- **Problem description**
Line by line, retype the material exactly and leave each picture out.

- **Supplied information**
··········
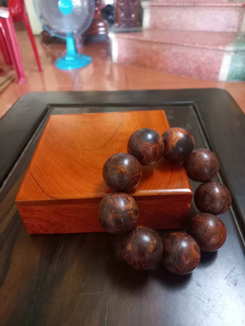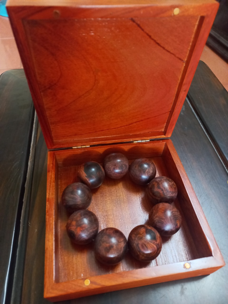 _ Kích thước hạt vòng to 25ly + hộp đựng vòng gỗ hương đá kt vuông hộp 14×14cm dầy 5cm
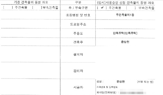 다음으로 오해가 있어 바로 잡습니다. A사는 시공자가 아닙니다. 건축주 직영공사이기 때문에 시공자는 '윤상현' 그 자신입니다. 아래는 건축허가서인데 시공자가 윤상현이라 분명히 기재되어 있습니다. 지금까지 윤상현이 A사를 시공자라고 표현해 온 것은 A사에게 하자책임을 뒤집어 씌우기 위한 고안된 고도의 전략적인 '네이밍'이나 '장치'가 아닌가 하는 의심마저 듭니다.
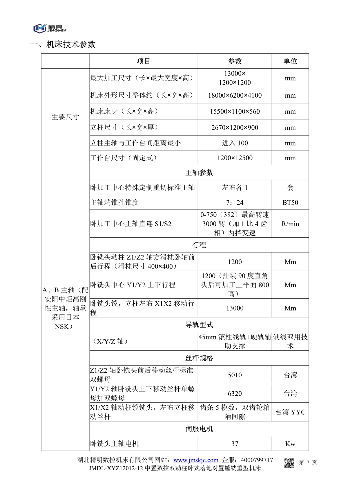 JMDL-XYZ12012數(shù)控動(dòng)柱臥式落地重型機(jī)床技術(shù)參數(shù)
··········
- **Completed exercise**
 _ Kích thước hạt vòng to 25ly + hộp đựng vòng gỗ hương đá kt vuông hộp 14×14cm dầy 5cm
 다음으로 오해가 있어 바로 잡습니다. A사는 시공자가 아닙니다. 건축주 직영공사이기 때문에 시공자는 '윤상현' 그 자신입니다. 아래는 건축허가서인데 시공자가 윤상현이라 분명히 기재되어 있습니다. 지금까지 윤상현이 A사를 시공자라고 표현해 온 것은 A사에게 하자책임을 뒤집어 씌우기 위한 고안된 고도의 전략적인 '네이밍'이나 '장치'가 아닌가 하는 의심마저 듭니다.
 JMDL-XYZ12012數(shù)控動(dòng)柱臥式落地重型機(jī)床技術(shù)參數(shù)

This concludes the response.